:: Exercise brief ::
The answer must consist only of the lines in the records below from the line with "POP差し込み可能なトレイ付" to the line with "Vägglampan Fun 1WM", both included, copied word for word with every picture left out.
Start of Supplied data
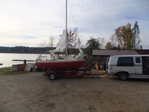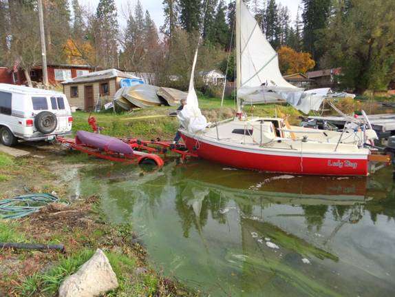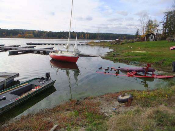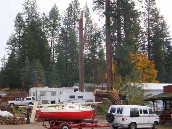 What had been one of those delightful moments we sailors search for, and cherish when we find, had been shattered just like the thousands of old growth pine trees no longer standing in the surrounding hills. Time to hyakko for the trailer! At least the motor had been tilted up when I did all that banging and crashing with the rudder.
End of Supplied data
Start of Supplied data
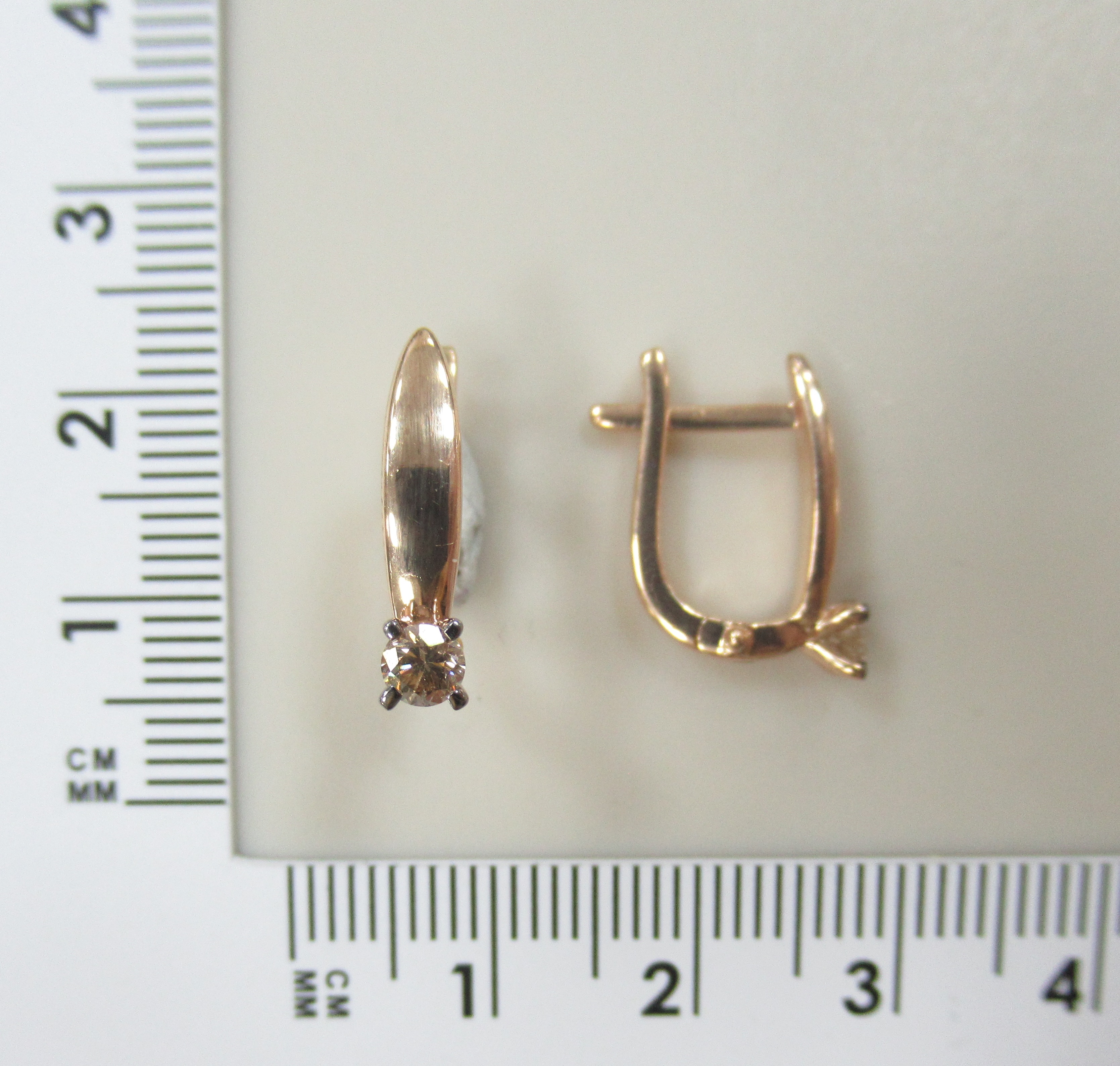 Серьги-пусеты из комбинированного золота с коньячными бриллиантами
End of Supplied data
Start of Supplied data
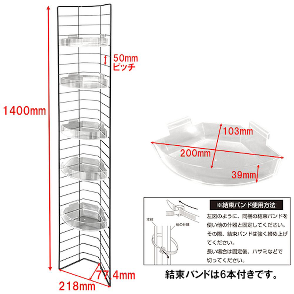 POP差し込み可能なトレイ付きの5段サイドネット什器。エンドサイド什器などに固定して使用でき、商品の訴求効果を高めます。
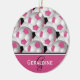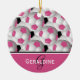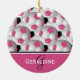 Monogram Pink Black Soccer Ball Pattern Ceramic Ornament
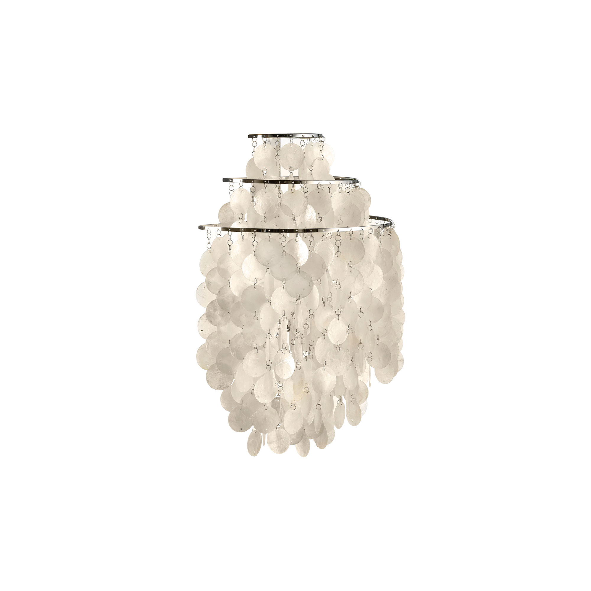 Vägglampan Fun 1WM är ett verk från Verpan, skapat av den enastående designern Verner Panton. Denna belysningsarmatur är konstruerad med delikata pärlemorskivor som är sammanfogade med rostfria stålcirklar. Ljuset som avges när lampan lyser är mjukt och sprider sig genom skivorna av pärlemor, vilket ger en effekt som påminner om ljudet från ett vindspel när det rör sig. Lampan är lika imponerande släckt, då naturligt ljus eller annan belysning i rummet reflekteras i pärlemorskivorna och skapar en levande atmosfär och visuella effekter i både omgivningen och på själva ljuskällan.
End of Supplied data
:: Solved exercise ::
 POP差し込み可能なトレイ付きの5段サイドネット什器。エンドサイド什器などに固定して使用でき、商品の訴求効果を高めます。
 Monogram Pink Black Soccer Ball Pattern Ceramic Ornament
 Vägglampan Fun 1WM är ett verk från Verpan, skapat av den enastående designern Verner Panton. Denna belysningsarmatur är konstruerad med delikata pärlemorskivor som är sammanfogade med rostfria stålcirklar. Ljuset som avges när lampan lyser är mjukt och sprider sig genom skivorna av pärlemor, vilket ger en effekt som påminner om ljudet från ett vindspel när det rör sig. Lampan är lika imponerande släckt, då naturligt ljus eller annan belysning i rummet reflekteras i pärlemorskivorna och skapar en levande atmosfär och visuella effekter i både omgivningen och på själva ljuskällan.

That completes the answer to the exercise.